> **What is needed**: Restate word for word the part of the material that runs from the line containing "Nestled on almost" through its final line, inclusive, minus the pictures.

-------- Task data

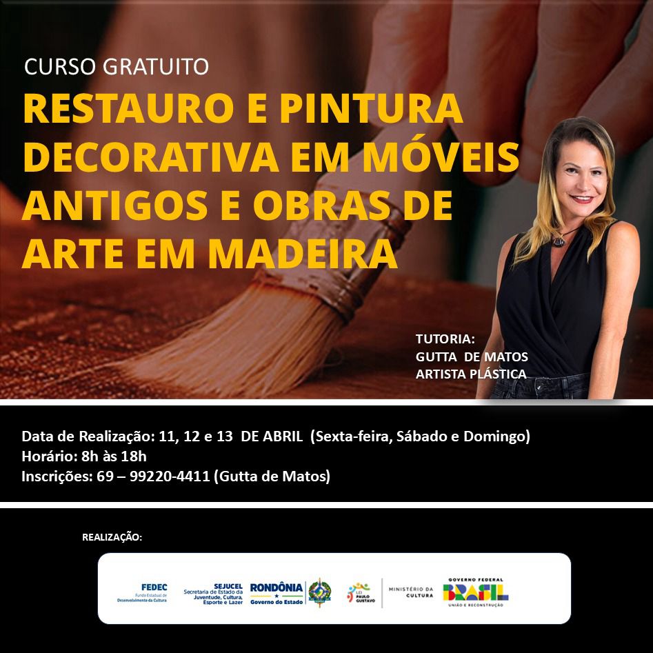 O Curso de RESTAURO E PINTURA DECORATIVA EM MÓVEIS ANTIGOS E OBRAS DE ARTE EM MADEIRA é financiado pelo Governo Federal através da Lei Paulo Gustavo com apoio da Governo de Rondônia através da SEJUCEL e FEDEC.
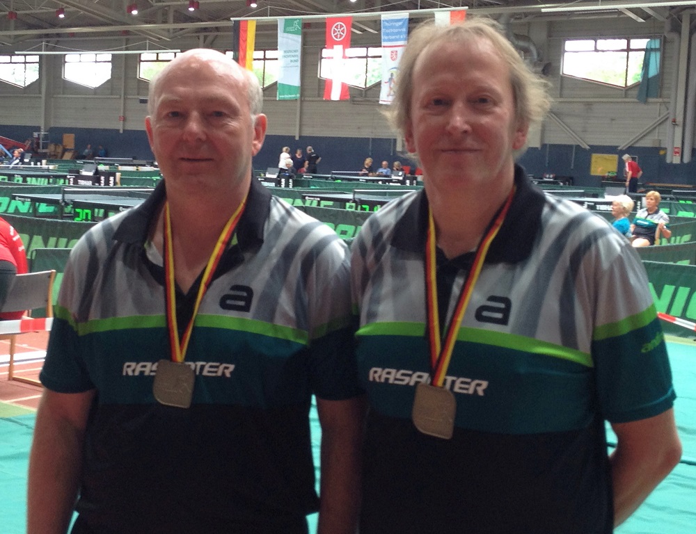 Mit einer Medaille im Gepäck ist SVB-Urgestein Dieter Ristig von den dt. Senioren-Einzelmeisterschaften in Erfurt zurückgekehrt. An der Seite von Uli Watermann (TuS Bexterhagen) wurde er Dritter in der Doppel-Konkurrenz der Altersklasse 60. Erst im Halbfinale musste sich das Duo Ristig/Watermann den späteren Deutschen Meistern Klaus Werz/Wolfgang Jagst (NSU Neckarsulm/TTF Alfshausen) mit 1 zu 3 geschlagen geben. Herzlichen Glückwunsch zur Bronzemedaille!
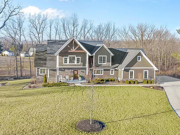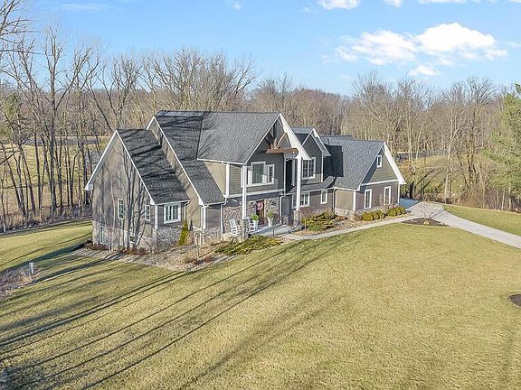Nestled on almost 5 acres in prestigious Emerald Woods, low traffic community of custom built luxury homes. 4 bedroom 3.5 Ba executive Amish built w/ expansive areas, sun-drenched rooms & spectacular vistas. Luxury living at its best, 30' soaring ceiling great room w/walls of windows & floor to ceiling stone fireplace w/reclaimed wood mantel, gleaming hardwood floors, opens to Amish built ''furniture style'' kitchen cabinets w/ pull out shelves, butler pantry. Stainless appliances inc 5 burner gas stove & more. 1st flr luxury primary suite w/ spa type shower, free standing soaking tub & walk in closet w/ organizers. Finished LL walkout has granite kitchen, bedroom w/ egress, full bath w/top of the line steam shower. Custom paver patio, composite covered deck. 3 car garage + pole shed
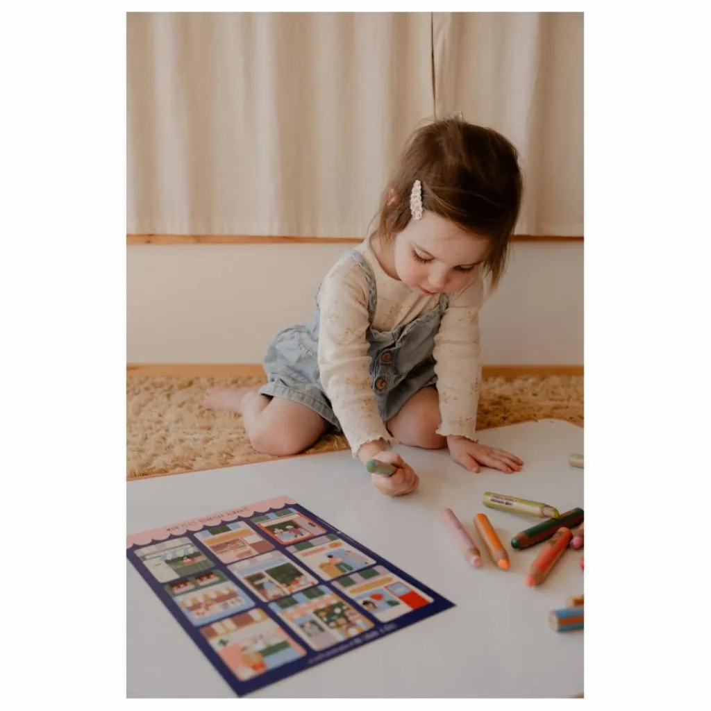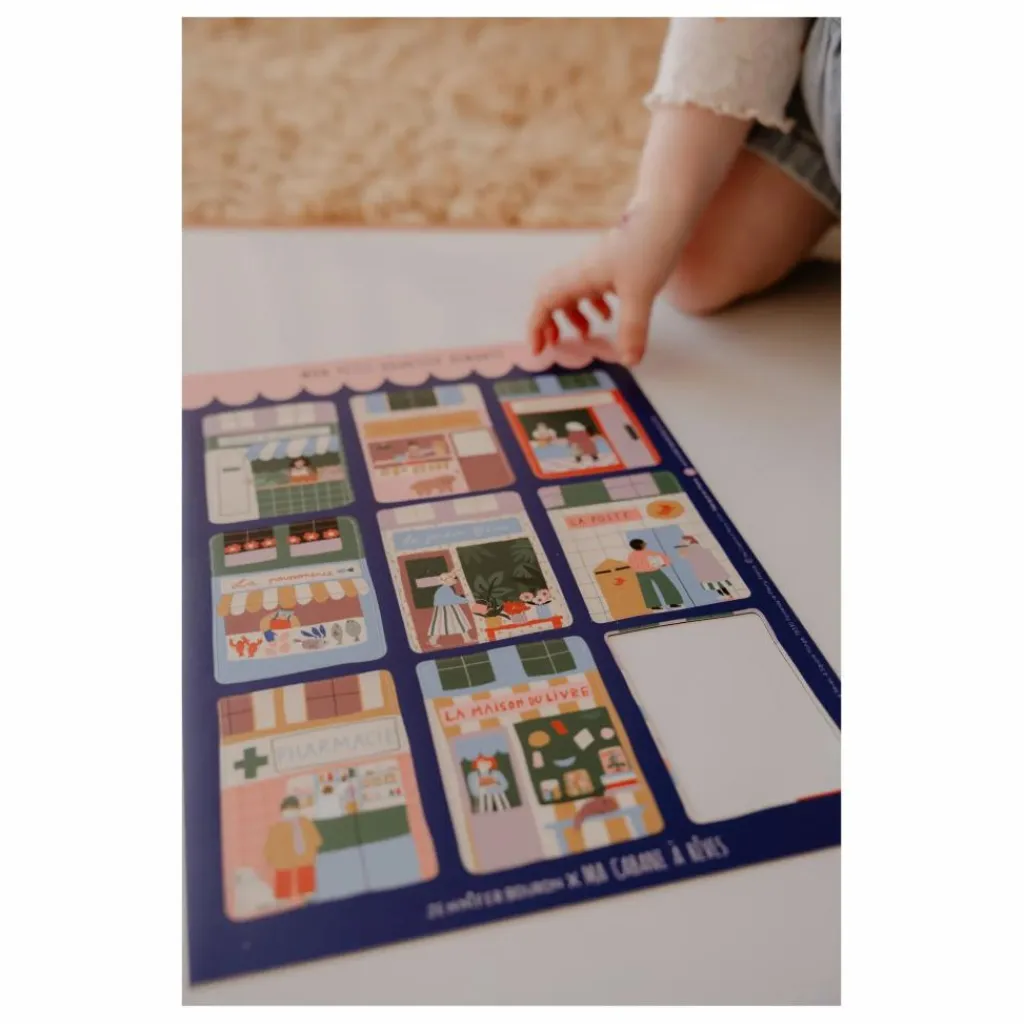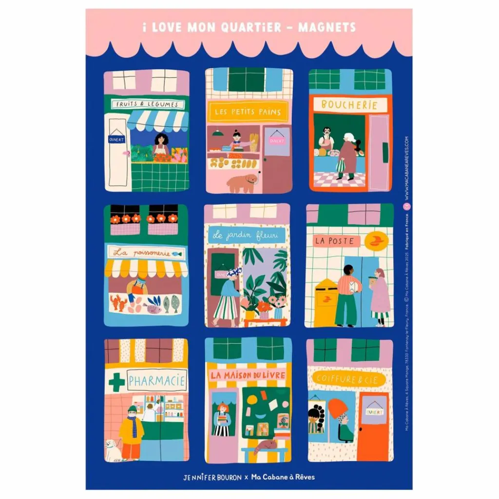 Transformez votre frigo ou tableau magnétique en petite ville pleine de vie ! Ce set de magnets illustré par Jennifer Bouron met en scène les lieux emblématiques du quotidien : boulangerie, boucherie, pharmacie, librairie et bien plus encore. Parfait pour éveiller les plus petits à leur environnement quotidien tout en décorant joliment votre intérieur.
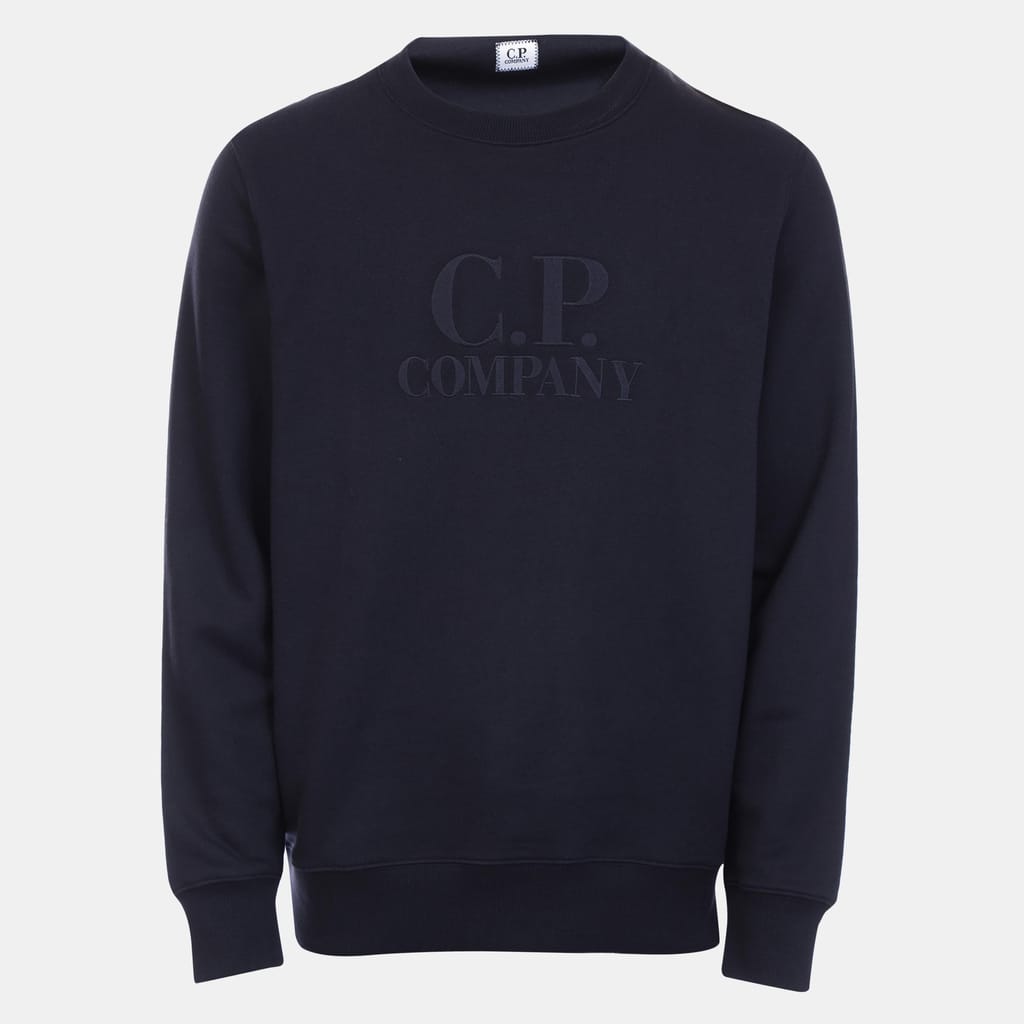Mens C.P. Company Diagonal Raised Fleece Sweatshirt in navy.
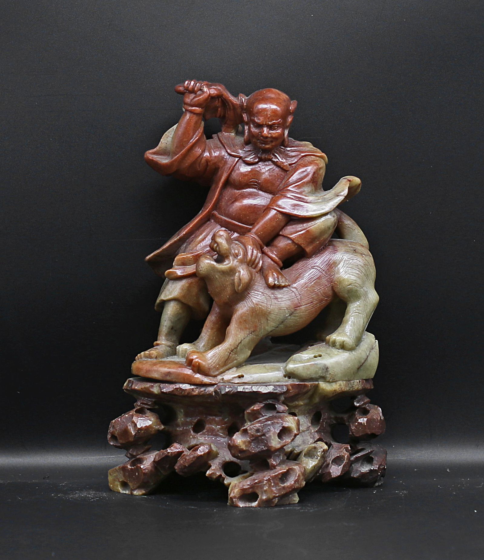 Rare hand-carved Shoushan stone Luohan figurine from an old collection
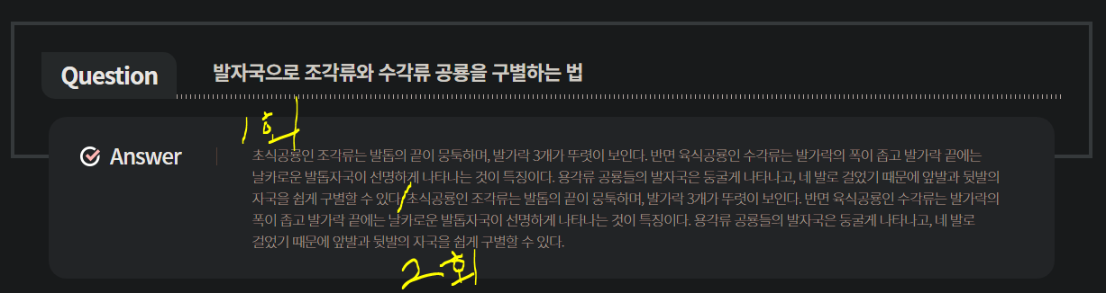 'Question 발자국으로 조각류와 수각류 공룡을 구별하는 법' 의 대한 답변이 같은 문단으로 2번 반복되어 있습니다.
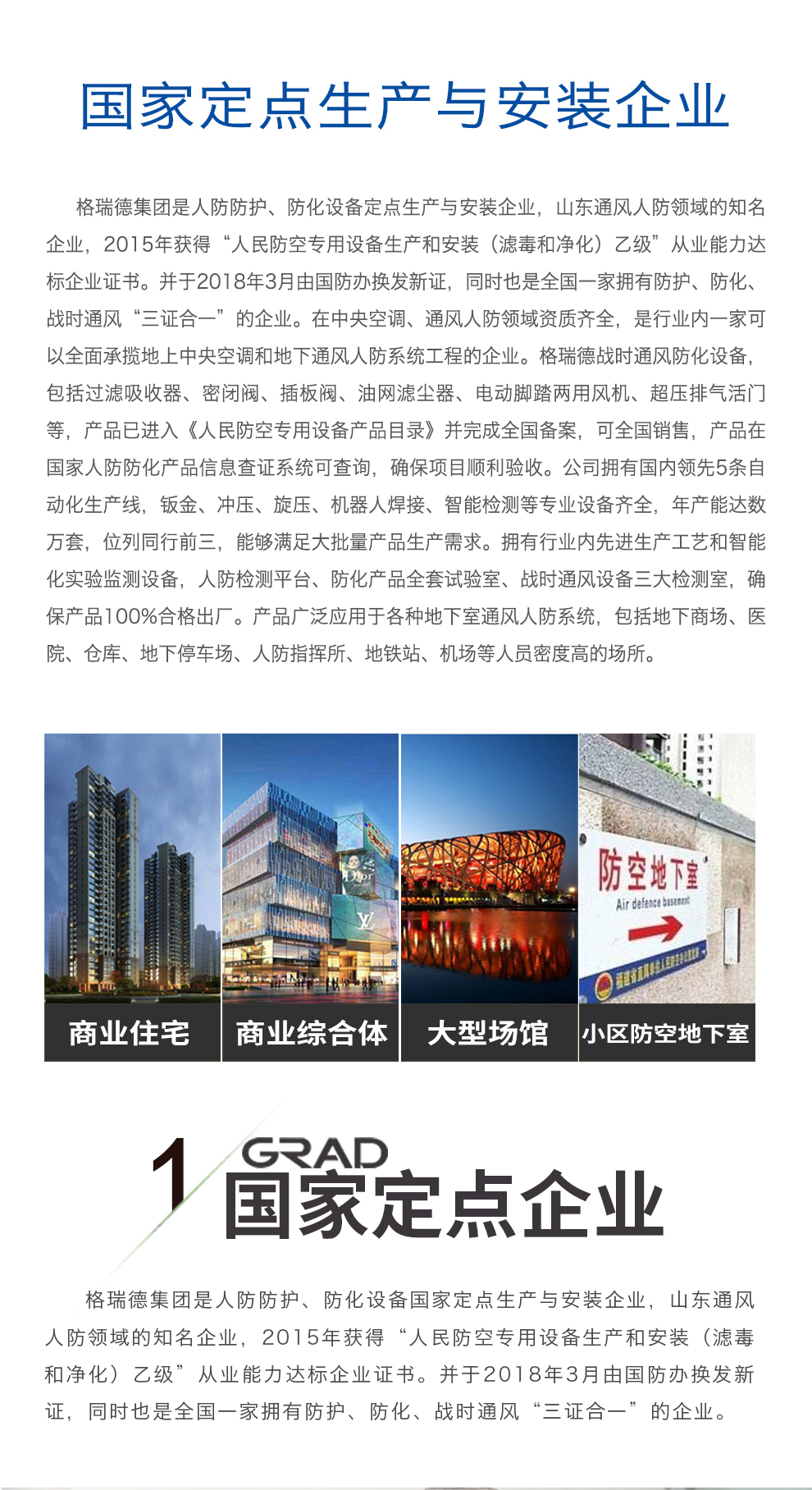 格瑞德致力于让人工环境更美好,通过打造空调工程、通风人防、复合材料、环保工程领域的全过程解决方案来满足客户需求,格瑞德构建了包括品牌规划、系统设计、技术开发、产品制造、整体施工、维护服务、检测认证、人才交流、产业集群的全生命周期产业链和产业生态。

----------------

> **Task answer**:
Nestled on almost 5 acres in prestigious Emerald Woods, low traffic community of custom built luxury homes. 4 bedroom 3.5 Ba executive Amish built w/ expansive areas, sun-drenched rooms & spectacular vistas. Luxury living at its best, 30' soaring ceiling great room w/walls of windows & floor to ceiling stone fireplace w/reclaimed wood mantel, gleaming hardwood floors, opens to Amish built ''furniture style'' kitchen cabinets w/ pull out shelves, butler pantry. Stainless appliances inc 5 burner gas stove & more. 1st flr luxury primary suite w/ spa type shower, free standing soaking tub & walk in closet w/ organizers. Finished LL walkout has granite kitchen, bedroom w/ egress, full bath w/top of the line steam shower. Custom paver patio, composite covered deck. 3 car garage + pole shed
 Transformez votre frigo ou tableau magnétique en petite ville pleine de vie ! Ce set de magnets illustré par Jennifer Bouron met en scène les lieux emblématiques du quotidien : boulangerie, boucherie, pharmacie, librairie et bien plus encore. Parfait pour éveiller les plus petits à leur environnement quotidien tout en décorant joliment votre intérieur.
Mens C.P. Company Diagonal Raised Fleece Sweatshirt in navy.
 Rare hand-carved Shoushan stone Luohan figurine from an old collection
 'Question 발자국으로 조각류와 수각류 공룡을 구별하는 법' 의 대한 답변이 같은 문단으로 2번 반복되어 있습니다.
 格瑞德致力于让人工环境更美好,通过打造空调工程、通风人防、复合材料、环保工程领域的全过程解决方案来满足客户需求,格瑞德构建了包括品牌规划、系统设计、技术开发、产品制造、整体施工、维护服务、检测认证、人才交流、产业集群的全生命周期产业链和产业生态。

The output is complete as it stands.